Dari berbagai selisih paham antar anarkis dalam mendefinisikan suatu ide kekerasan sebagai sebuah metode, kekerasan tetaplah bukan merupakan suatu ide eksklusif milik anarkisme, sehingga anarkisme tidak bisa dikonotasikan sebagai kekerasan, seperti makna tentang anarkisme yang banyak dikutip oleh berbagai media di Indonesia yang berarti sebagai sebuah aksi kekerasan. Karena bagaimanapun kekerasan merupakan suatu pola tingkah laku alamiah manusia yang bisa dilakukan oleh siapa saja dari kalangan apapun.

Sejarah dan dinamika filsafat anarkisme

Anarkisme sebagai sebuah ide yang dalam perkembangannya juga menjadi sebuah filsafat yang juga memiliki perkembangan serta dinamika yang cukup menarik.

Anarkisme dan Marxisme

Marxisme dalam perkembangannya setelah Marx dan Engels berkembang menjadi 3 kekuatan besar ideologi dunia yang menyandarkan dirinya pada pemikiran-pemikiran Marx. Ketiga ideologi itu adalah : (1) Komunisme, yang kemudian dikembangkan oleh Lenin menjadi ideologi Marxisme-Leninisme yang saat ini menjadi pegangan mayoritas kaum komunis sedunia; (2) Sosialisme Demokrat, yang pertama kali dikembangkan oleh Eduard Bernstein dan berkembang di Jerman dan kemudian berkembang menjadi sosialis yang berciri khas Eropa; (3) Neomarxisme dan Gerakan Kiri Baru, yang berkembang sekitar tahun 1965-1975 di universitas-universitas di Eropa.
Walaupun demikian, ajaran Marx tidak hanya berkutat pada ketiga aliran besar itu karena banyak sekali sempalan-sempalan yang memakai ajaran Marx sebagai basis ideologi dan perjuangan mereka. Aliran lain yang berkembang serta juga memakai Marx sebagai tolak pikirnya adalah Anarkisme.
Walaupun demikian anarkisme dan Marxisme berada dipersimpangan jalan dalam memandang masalah-masalah tertentu. Pertentangan mereka yang paling kelihatan adalah persepsi terhadap negara. Anarkisme percaya bahwa negara mempunyai sisi buruk dalam hal sebagai pemegang monopoli kekuasaan yang bersifat memaksa. Negara hanya dikuasai oleh kelompok-kelompok elit secara politik dan ekonomi, dan kekuatan elit itu bisa siapa saja dan apa saja termasuk kelas proletar seperti yang diimpikan kaum Marxis. Dan oleh karena itu kekuasaan negara (dengan alasan apapun) harus dihapuskan. Di sisi lain, Marxisme memandang negara sebagai suatu organ represif yang merupakan perwujudan kediktatoran salah satu kelas terhadap kelas yang lain.
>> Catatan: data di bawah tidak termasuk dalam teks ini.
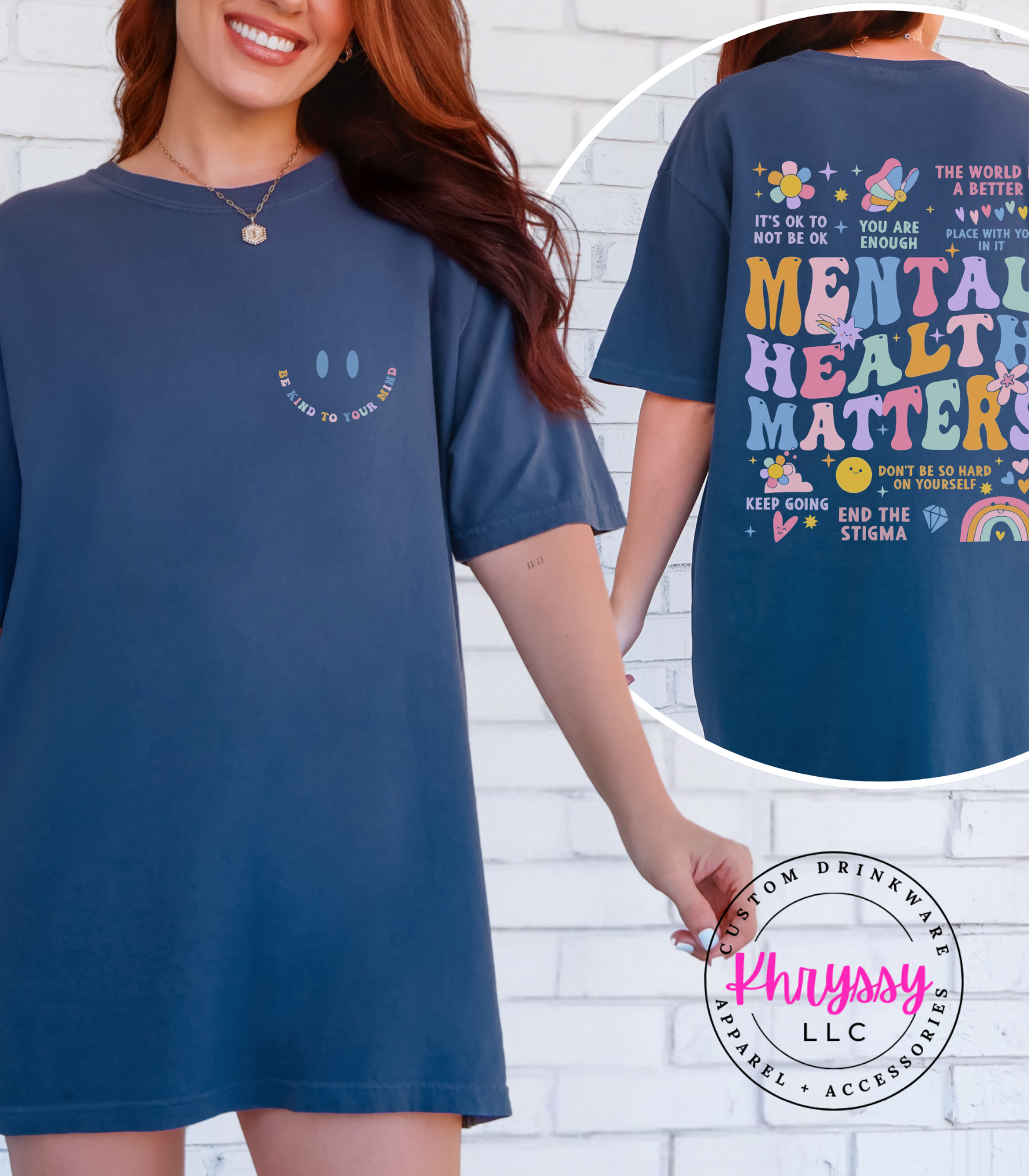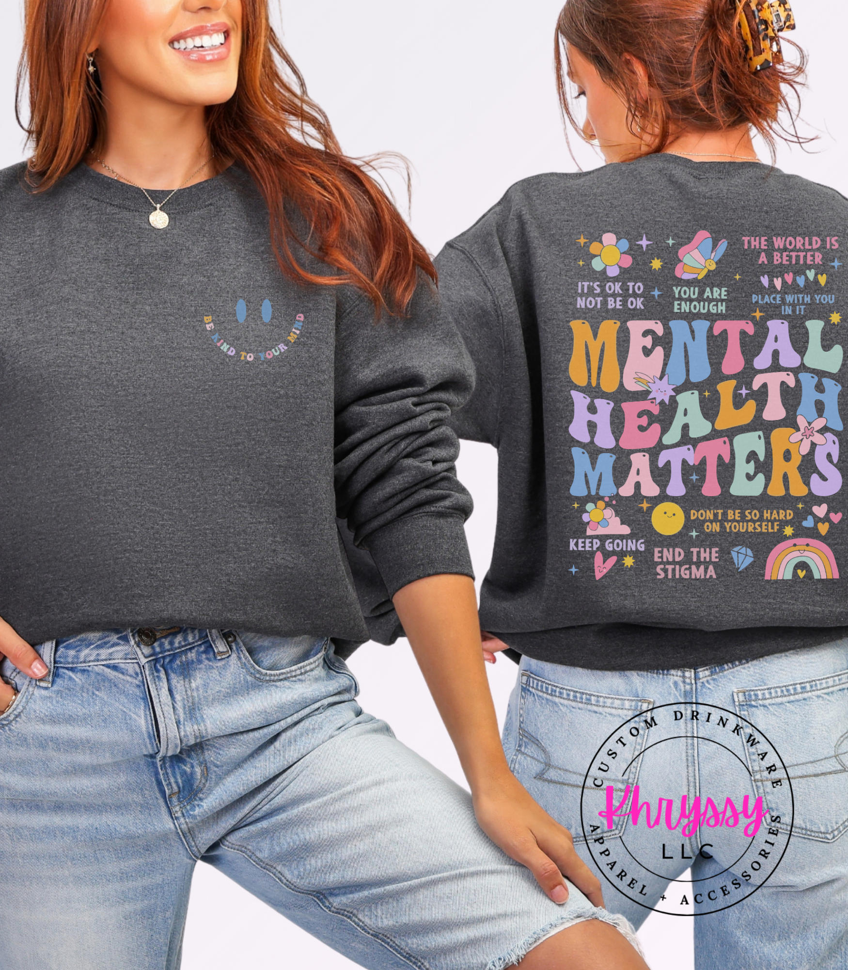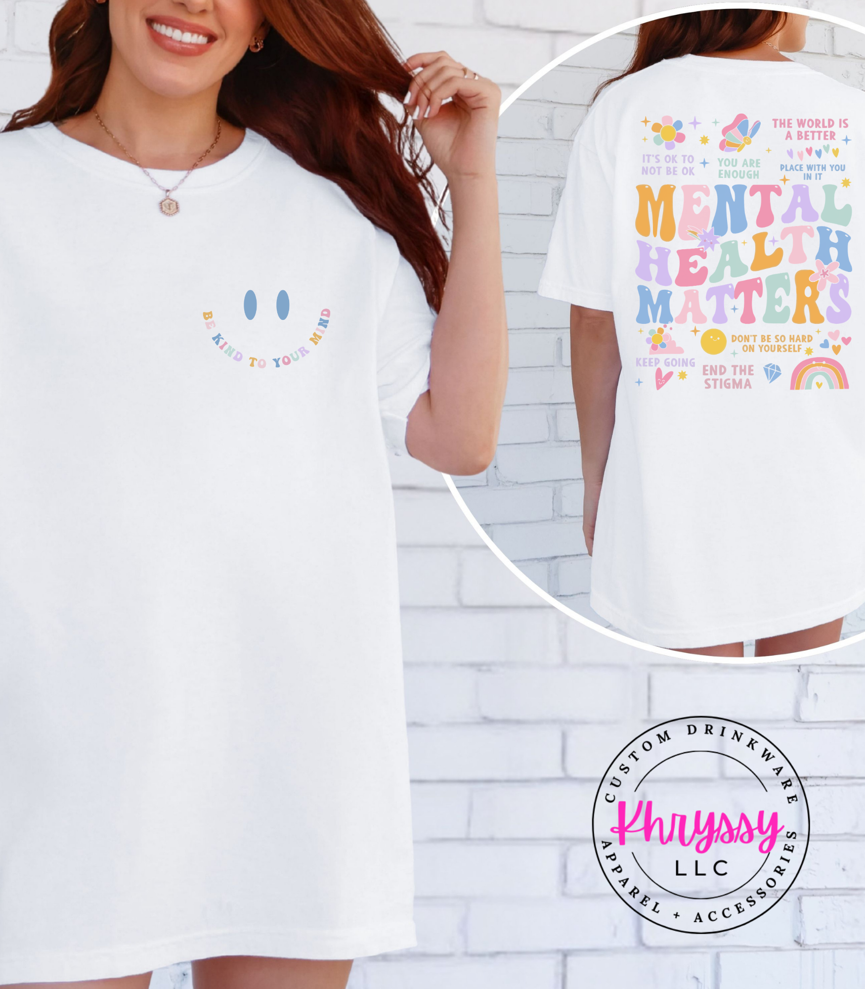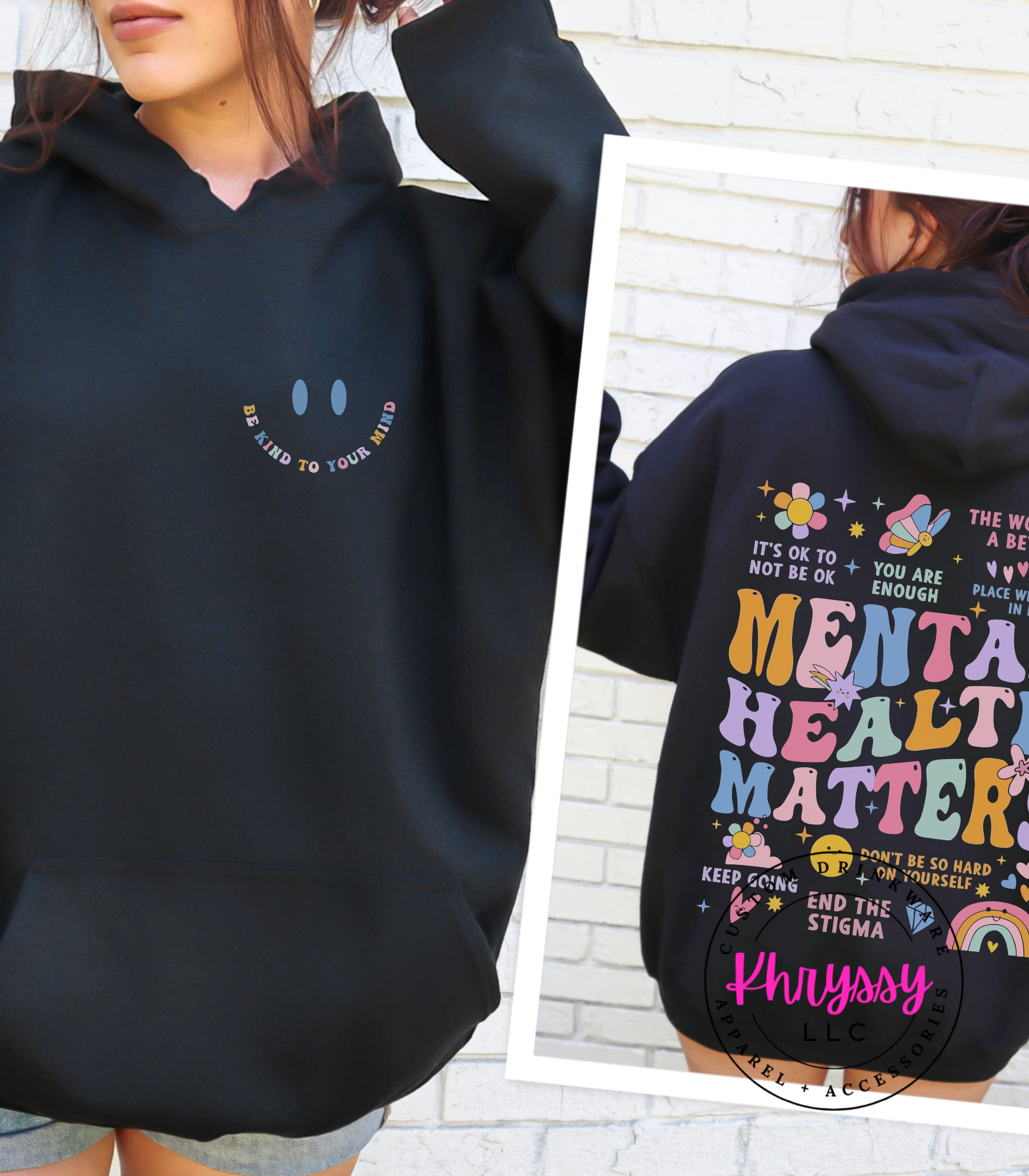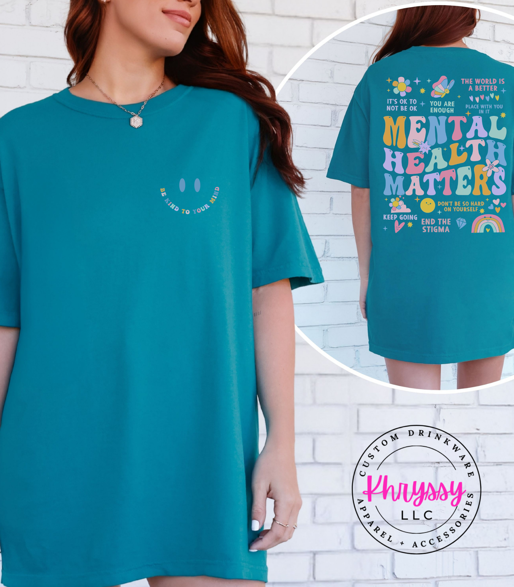 Uplift your spirit and spread positivity with this empowering item, boldly proclaiming "MENTAL HEALTH MATTERS." Adorned with a vibrant tapestry of affirmations like "YOU ARE ENOUGH" and "IT'S OKAY TO NOT BE OKAY," it's a comforting embrace for your well-being. Feel seen, validated, and encouraged, carrying a powerful message that inspires self-compassion and understanding. Crafted for exceptional softness and a comfortable fit, it offers all-day ease for daily affirmations, mental health advocacy, or simply as a reminder of your inherent worth. Choose this piece to celebrate resilience and actively work to end the stigma.

Negara dibutuhkan dalam konteks persiapan revolusi kaum proletar, sehingga negara harus eksis agar masyarakat tanpa kelas dapat diwujudkan. Lagipula, cita-cita kaum Marxis adalah suatu bentuk negara sosialis yang bebas pengkotakan berdasarkan kelas.
Selain itu juga, perbedaan kentara antara anarkisme dengan Marxisme dapat dilihat atas penyikapan keduanya dalam seputar isu kelas serta seputar metoda materialisme historis

Pierre-Joseph Proudhon


Pierre Joseph Proudhon
Pierre-Joseph Proudhon, adalah pemikir yang mempunyai pengaruh jauh lebih besar terhadap perkembangan anarkisme; seorang penulis yang betul-betul berbakat dan ‘serba tahu’ dan merupakan tokoh yang dapat dibanggakan oleh sosialisme modern. Proudhon sangat menekuni kehidupan intelektual dan sosial di zamanya, dan kritik-kritik sosialnya didasari oleh pengalaman hidupnya itu. Di antara pemikir-pemikir sosialis di zamannya, dialah yang paling mampu mengerti sebab-sebab penyakit sosial dan juga merupakan seseorang yang mempunyai visi yang sangat luas. Dia mempunyai keyakinan bahwa sebuah evolusi dalam kehidupan intelektual dan sosial menuju ke tingkat yang lebih tinggi harus tidak dibatasi dengan rumus-rumus abstrak.
Proudhon melawan pengaruh tradisi Jacobin yang mendominasi pemikiran demokrat-demokrat di Perancis dan kebanyakan sosialis pada saat itu, dan juga pengaruh negara dan kebijaksanaan ekonomi dalam proses alami kemajuan sosial. Baginya, pemberantasan kedua-dua perkembangan yang bersifat seperti kanker tersebut merupakan tugas utama dalam abad kesembilan belas. Proudhon bukanlah seorang komunis. Dia mengecam hak milik sebagai hak untuk mengeksploitasi, tetapi mengakui hak milik umum alat-alat untuk ber produksi, yang akan dipakai oleh kelompok-kelompok industri yang terikat antara satu dengan yang lain dalam kontrak yang bebas; selama hak ini tidak dipakai untuk mengeksploitasi manusia lain dan selama seorang individu dapat menikmati seluruh hasil kerjanya. Jumlah waktu rata-rata yang dibutuhkan untuk memproduksi sebuah benda menjadi ukuran nilainya dalam pertukaran mutual. Dengan sistem tersebut, kemampuan kapital untuk menjalankan riba dimusnahkan. Jikalau kapital tersedia untuk setiap orang, kapital tersebut tidak lagi menjadi sebuah instrumen yang bisa dipakai untuk mengeksploitasi.

Internationale pertama


Mikhail Bakunin 1814-1876
Tokoh utama kaum anarkisme adalah Mikhail Bakunin, seorang bangsawan Rusia yang kemudian sebagian besar hidupnya tinggal di Eropa Barat. Ia memimpin kelompok anarkis dalam konverensi besar kaum Sosialis sedunia (Internasionale I) dan terlibat pertengkaran dan perdebatan besar dengan Marx. Bakunin akhirnya dikeluarkan dari kelompok Marxis mainstream dan perjuangan kaum anarkis dianggap bukan sebagai perjuangan kaum sosialis. Sejak Bakunin, anarkisme identik dengan tindakan yang mengutamakan kekerasan dan pembunuhan sebagai basis perjuangan mereka. Pembunuhan kepala negara, pemboman atas gedung-gedung milik negara, dan perbuatan teroris lainnya dibenarkan oleh anarkhisme sebagai cara untuk menggerakkan massa untuk memberontak.[2]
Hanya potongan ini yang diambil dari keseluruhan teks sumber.